Adventures in little data

Jan. 18, 2017 from 3:30 to 4:20 — Johnson Hall, room 102

Paul Ginsparg

Professor of Physics and Information Science, Cornell University


I will give a very brief sociological overview of the current metastable state of scholarly research communication, and then a technical discussion of the practical implications of literature and usage data considered as computable objects, using arXiv as exemplar. From the physics standpoint, there is a surprising amount of statistical mechanics in text-mining and machine learning.

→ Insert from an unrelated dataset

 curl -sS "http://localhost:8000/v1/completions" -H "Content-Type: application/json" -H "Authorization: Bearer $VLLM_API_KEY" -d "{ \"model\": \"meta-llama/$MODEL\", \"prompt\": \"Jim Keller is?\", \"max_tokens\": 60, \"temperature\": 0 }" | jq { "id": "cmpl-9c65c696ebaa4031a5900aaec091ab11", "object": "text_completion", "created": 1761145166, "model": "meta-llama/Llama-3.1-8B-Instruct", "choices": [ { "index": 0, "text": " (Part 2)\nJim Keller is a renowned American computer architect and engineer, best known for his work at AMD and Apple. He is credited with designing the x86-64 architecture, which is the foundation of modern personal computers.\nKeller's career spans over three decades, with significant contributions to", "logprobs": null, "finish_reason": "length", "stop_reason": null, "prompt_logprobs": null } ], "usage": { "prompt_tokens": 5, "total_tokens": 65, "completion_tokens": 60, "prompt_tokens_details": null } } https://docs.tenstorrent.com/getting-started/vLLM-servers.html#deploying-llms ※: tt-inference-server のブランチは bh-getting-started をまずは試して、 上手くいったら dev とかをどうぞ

Paul Ginsparg has a been professor of physics and information science at Cornell University since 2001. He received a B.A. in physics from Harvard University (1977), and a doctorate in theoretical particle physics from Cornell University (1981). He was in the Society of Fellows at Harvard from 1981 – 1984, then a faculty member in the physics department at Harvard University until 1990, and a staff member in the theoretical division of Los Alamos National Laboratory from 1990 to 2001. He has authored papers in quantum field theory, string theory, conformal field theory, and quantum gravity. While visiting Aspen in the summer of 1991, he started the e-print archives (now He has served on many committees, including the U.S. National Committee for CODATA, other N.R.C., N.A.S., and AAAS committees, the NIH PubMedCentral national advisory board, on the American Physical Society publications oversight committee, and the Public Library of Science advisory board. He has received awards including the P.A.M. (physics astronomy math) award from the Special Libraries Association, the Council of Science Editors (CSE) Award for Meritorious Achievement, the Paul Evans Peters Award from Educause, ARL, and CNI; was elected as a Fellow of the American Physical Society; and has been named a MacArthur Fellow, a Radcliffe Institute Fellow, a “White House Champion of Change”, and a Simons Fellow in Theoretical Physics.